- [Work instructions]: Only one portion of the data is to be written out: from the line bearing "Elevate your look" through the line bearing "Этаж 7, площадь 52 м²". Write it exactly as it appears.

- [Input data]:

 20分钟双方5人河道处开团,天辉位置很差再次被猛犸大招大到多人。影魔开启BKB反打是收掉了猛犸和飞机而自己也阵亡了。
* * *
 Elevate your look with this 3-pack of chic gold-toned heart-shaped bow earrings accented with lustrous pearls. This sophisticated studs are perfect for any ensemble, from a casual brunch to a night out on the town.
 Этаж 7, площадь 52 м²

- [Answer space]:
 Elevate your look with this 3-pack of chic gold-toned heart-shaped bow earrings accented with lustrous pearls. This sophisticated studs are perfect for any ensemble, from a casual brunch to a night out on the town.
 Этаж 7, площадь 52 м²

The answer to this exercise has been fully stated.